Bila luka itu terlalu dalam menusuk sampai sum-sum tulang-tulangmu: perih dan sakit! Lihatlah, apa yang dilakukan Yusuf, setiap kesakitan yang Anda alami, ada rancangan indah. Tuhan ingin membentukmu menjadi pribadi-pribadi tangguh. Ia ingin engkau menjadi orang-orang yang dapat menginspirasi banyak orang tentang kekuatan cinta yang mengalahkan dendam. Sakit, yang dialami Debby benar tidak mudah begitu saja dihapus. Bertahun-tahun ia berjuang dan akhirnya menemukan bahwa kuasa pengampunan Allah itu begitu dahsyat.
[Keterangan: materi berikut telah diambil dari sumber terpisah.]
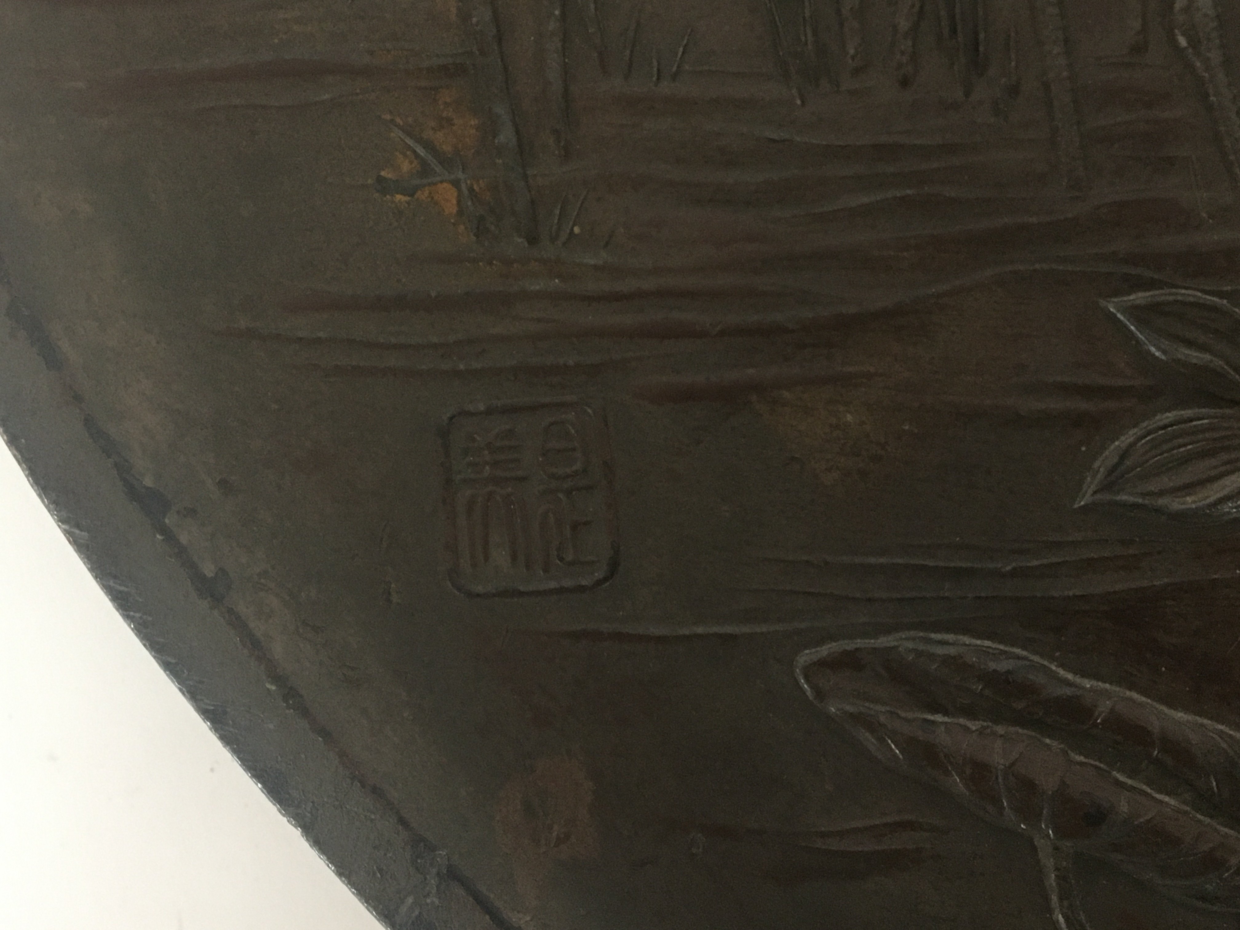 A Quality Japanese 19th century bronzed metal plaque with raised stalks and lily pads signed with a seal mark diameter 46cm

Tidak hanya dirinya yang dipulihkan - meski tidak dapat berkumpul kembali dengan suaminya - orang-orang di sekitarnya menyaksikan ketangguhan dan pertolongan Tuhan yang memulihkan.

Bila saat ini Anda terluka, jangan fokus pada mengasihani diri sendiri. Galilah bahwa di balik itu ada rancangan Tuhan yang tidak hanya untuk diri Anda sendiri, melainkan juga untuk orang-orang di sekitar Anda. Ada banyak kesaksian orang-orang yang hidupnya mengalami kepahitan, luka dan trauma namun mereka dapat bangkit kembali dan pengalamannya bukan hanya mendatangkan berkat bagi diri, keluarga, orang-orang terdekatnya tetapi juga bagi banyak orang. Jadi, mengampuni tanpa batas itu bisa dan bahkan menjadi berkat dan memberkati!